I still wonder, why it seems as if I were the only one fighting with such a problem. One reason could be, that I do not save all computation results in my document format, but I rely on that I can reproduce the computation results when opening the document later. Sometimes this fails because of the precision problem.

There has already been some progress in trying to stabilize computations. Introducing tolerances helps a little bit ("two points are considered equal, if they are closer than Precision::Confusion() and in that case always the first point is considered to be the closest one"). Still I have the feeling that it just shifts the problem: if two points have a distance of Precision::Confusion(), then - depending on the computation precision - they are sometimes considered as equal and sometimes not. :-(

If I got some more input how others deal with that problem, this would be great. Otherwise it seems advisable to not rely on computation results to be reproducible... or find a way to deal with minor floating point number differences in a stable way... I am still searching for something like that.

Benjamin Bihler
Mon, 02/29/2016 - 15:45

Update:

I have done more research. If I have understood the topic correctly, the results of floating-point operations are not deterministic, if they happen on different threads (and therefore in different processor registers), because some registers offer excessive precision which may influence the results of the operations.
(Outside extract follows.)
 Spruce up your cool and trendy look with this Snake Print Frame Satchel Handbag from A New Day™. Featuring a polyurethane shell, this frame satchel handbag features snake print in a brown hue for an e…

It seems as if I can provoke that here, if I don't call a method as usual, but if I run it with

std::future<ReturnType> result = std::async(std::launch::async, method, ...);

result.wait()

Because of the wait call, it is actually not running parallel, but still on another thread. If I print the floating-point numbers appearing within that method, they differ slightly.
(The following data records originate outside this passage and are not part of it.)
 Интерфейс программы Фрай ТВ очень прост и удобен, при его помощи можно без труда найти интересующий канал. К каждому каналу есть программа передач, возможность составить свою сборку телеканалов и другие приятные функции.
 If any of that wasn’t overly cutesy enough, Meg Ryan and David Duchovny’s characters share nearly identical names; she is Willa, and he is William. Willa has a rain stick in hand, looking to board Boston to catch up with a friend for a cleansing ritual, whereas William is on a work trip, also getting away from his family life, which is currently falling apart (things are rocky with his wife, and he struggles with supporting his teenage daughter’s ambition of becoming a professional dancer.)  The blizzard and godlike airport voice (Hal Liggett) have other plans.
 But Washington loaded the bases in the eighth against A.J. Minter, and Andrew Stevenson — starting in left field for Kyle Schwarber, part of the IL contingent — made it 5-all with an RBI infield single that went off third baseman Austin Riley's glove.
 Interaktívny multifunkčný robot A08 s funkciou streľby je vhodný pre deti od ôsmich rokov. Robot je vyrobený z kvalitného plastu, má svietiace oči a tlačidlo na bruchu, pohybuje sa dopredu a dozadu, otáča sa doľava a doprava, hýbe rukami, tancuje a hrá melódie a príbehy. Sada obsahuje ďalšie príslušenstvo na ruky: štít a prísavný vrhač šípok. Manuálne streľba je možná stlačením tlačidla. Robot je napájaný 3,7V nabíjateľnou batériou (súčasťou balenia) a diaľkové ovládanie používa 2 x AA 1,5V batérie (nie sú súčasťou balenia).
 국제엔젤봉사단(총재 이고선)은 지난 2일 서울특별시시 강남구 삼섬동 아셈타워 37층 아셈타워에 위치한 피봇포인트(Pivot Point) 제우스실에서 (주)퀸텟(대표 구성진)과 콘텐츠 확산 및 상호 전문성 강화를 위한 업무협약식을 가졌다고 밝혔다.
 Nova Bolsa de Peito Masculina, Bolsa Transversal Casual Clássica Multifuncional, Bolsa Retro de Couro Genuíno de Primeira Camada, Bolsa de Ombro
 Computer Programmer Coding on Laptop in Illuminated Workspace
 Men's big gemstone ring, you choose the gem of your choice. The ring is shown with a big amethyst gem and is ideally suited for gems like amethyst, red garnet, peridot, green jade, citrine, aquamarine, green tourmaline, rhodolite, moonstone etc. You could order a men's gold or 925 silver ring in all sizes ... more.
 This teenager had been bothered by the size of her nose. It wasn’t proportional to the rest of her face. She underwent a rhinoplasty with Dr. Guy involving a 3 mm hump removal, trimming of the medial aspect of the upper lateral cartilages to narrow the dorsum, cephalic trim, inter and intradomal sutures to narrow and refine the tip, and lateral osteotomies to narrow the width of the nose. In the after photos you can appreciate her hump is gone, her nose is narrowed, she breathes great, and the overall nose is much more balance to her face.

One way to make floating-point operations deterministic seems to be to truncate all floating-point numbers to double precision, even if they are stored in registers offering excessive precision. The MSVC compiler flag /fp:precise seems to do that. Isn't it a default flag in OCCT? Might this be the reason why only I seem to be struggling with non-deterministic behaviour? I am using MinGW and up to now I haven't been using floating-point precision control compiler flags.

Currently I am playing with such flags. On many forums they propose to use -ffloat-store with g++, but still I see non-deterministic behaviour. Therefore I am continuing with proposals from https://gcc.gnu.org/wiki/FloatingPointMath. I will post my results here. If anyone else has already solved that problem with g++, I would greatly appreciate hints about how he has done that.

Benjamin Bihler
Thu, 03/03/2016 - 16:07

The described behaviour has nothing to do with Open CASCADE. It seems to be a speciality (bug?) of MinGW (my bug report is here: https://sourceforge.net/p/mingw-w64/bugs/531/). I am sorry for having polluted the forum.

Benjamin Bihler
Tue, 08/09/2016 - 11:23

Again for the records: it is not a bug of MinGW, it is a feature! ;-)
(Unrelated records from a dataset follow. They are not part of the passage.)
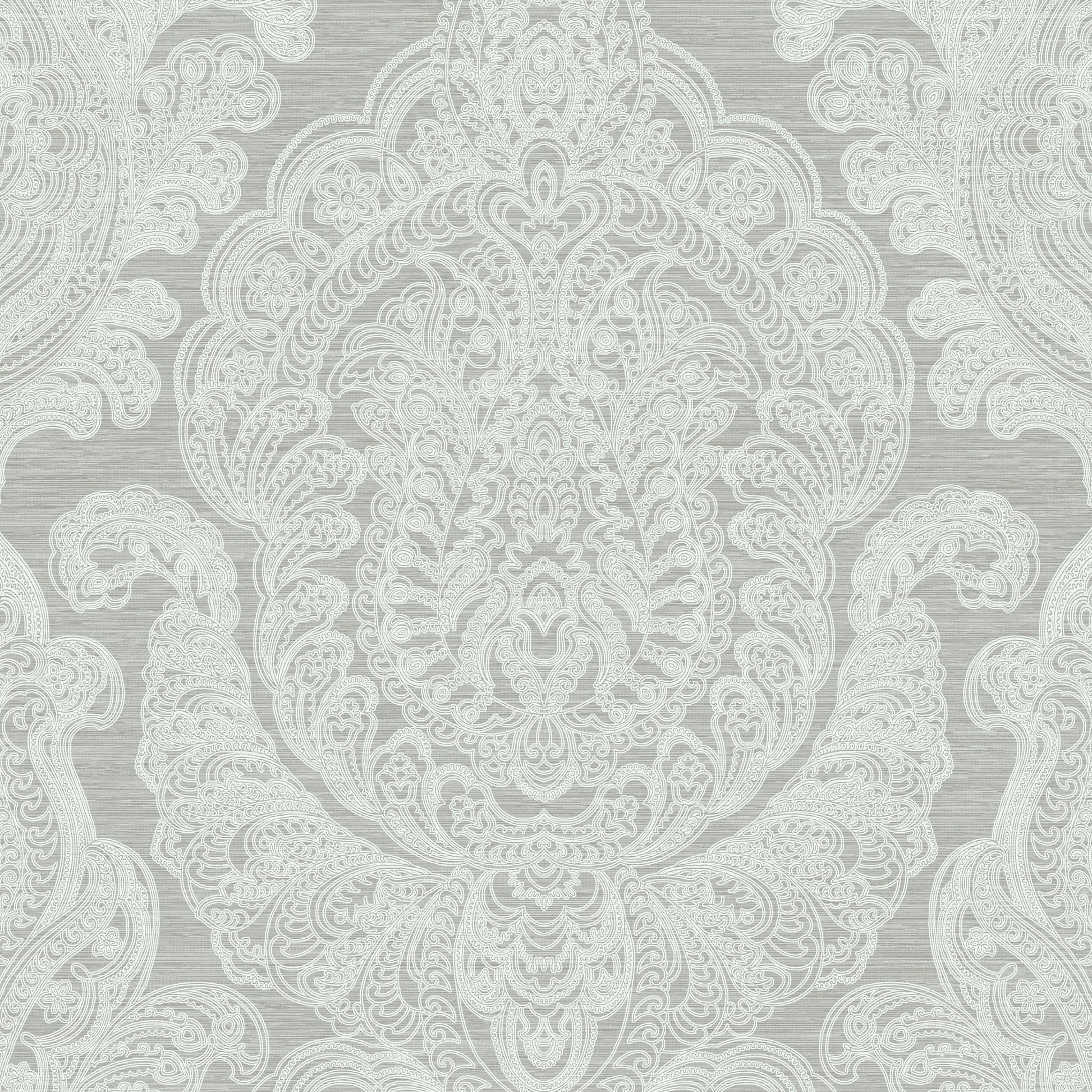 Use:An elegant pearlized damask with intricate silver details on a silver, grey striae background.
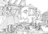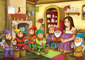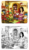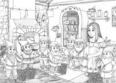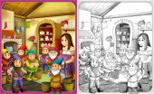 kolorowanki szkic, "Królewna Śnieżka i siedmiu krasnoludków"
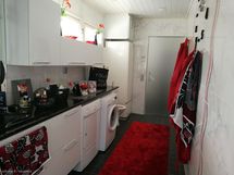 Suihku, Pesukone, Kuivausrumpu, Allaskaappi, Laattalattia, Laattaseinä, Halogeenivalot, Avattava ikkuna, Erillinen WC, Lattialämmitys
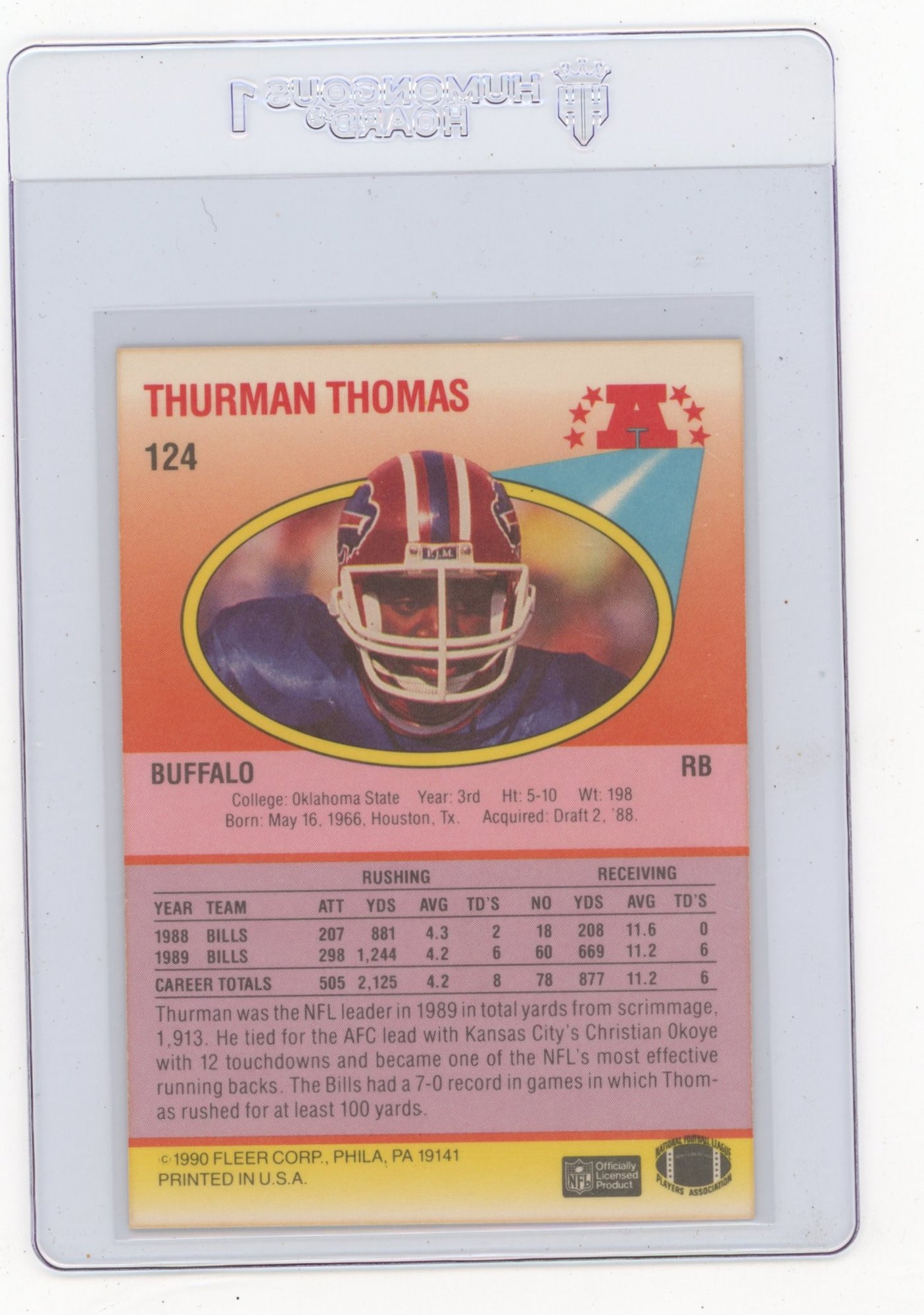 1990 Fleer Thurman Thomas Football Card
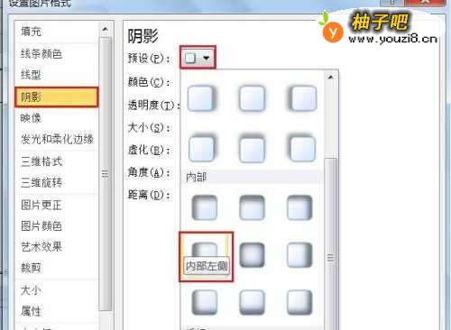 4弹出【设置图片格式】对话框→选择左侧的【阴影】→在右侧【预设】图标处点选下三角形→选择【内部左侧】如下图所示。
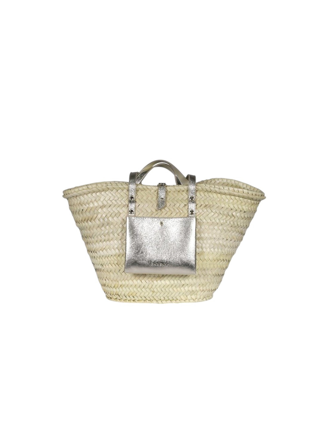 Panier fibre naturelle et cuir métallisé champagne
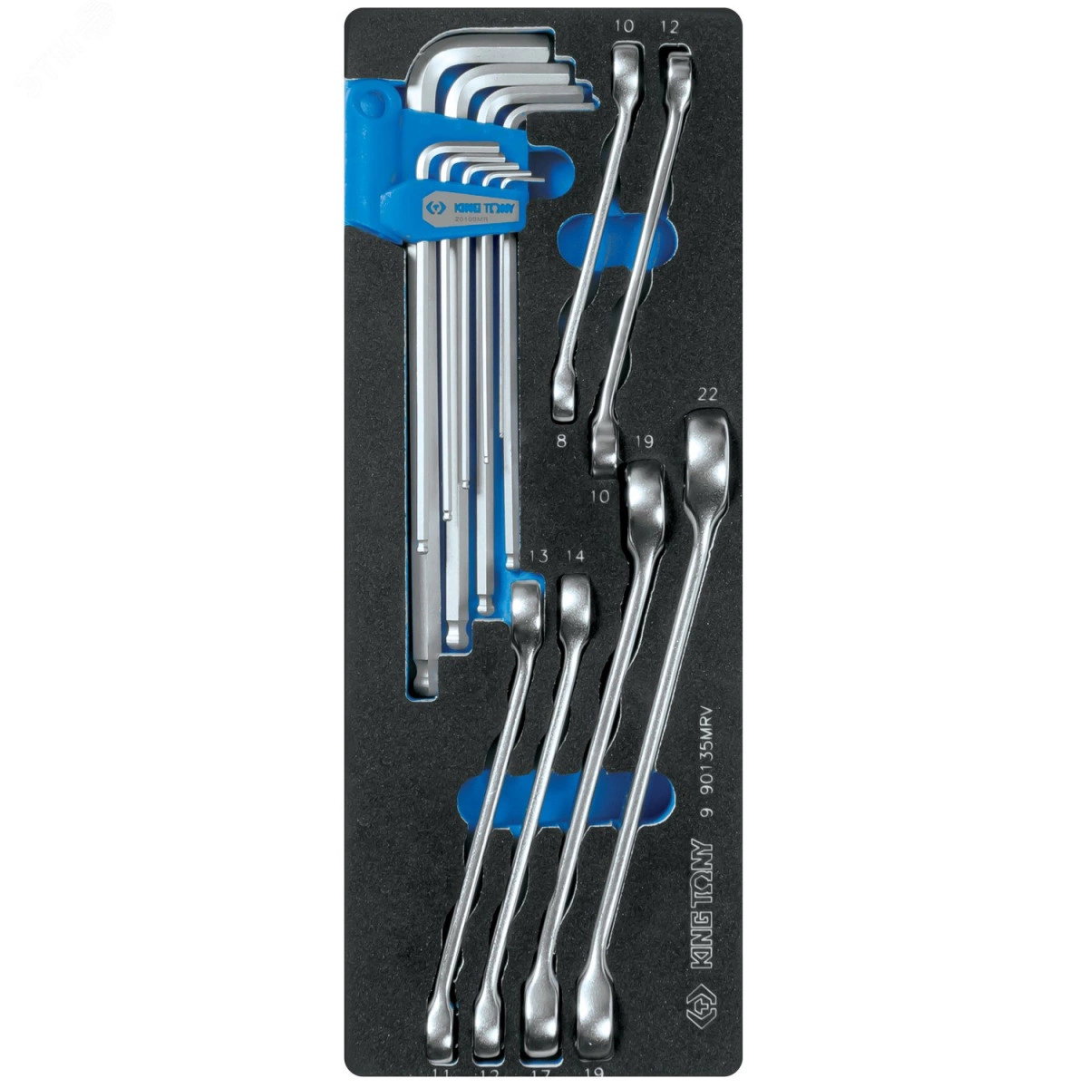 Набор торговой марки KING TONY включает в себя шестигранники для работы с внутренним профилем и разрезные ключи. Предназначен для монтажа и демонтажа крепежных узлов различных изделий, устройств и агрегатов. Входящие в состав разрезные ключи предназначены для работ с гайками, расположенными на трубках, длинных шпильках и т.п. Размер ложемента адаптирован для размещения на полке инструментальной тележки

Extract from the documentation in one of the MinGW float.h files:

________________________________________________________

   MSVCRT.dll _fpreset initializes the control register to 0x27f,
   the status register to zero and the tag word to 0FFFFh.
   This differs from asm instruction finit/fninit which set control
   word to 0x37f (64 bit mantissa precison rather than 53 bit).
   By default, the mingw version of _fpreset sets fp control as
   per fninit. To use the MSVCRT.dll _fpreset, include CRT_fp8.o when
   building your application.

________________________________________________________

Linking the application with CRT_fp8.o seems to solve the problems mentioned before.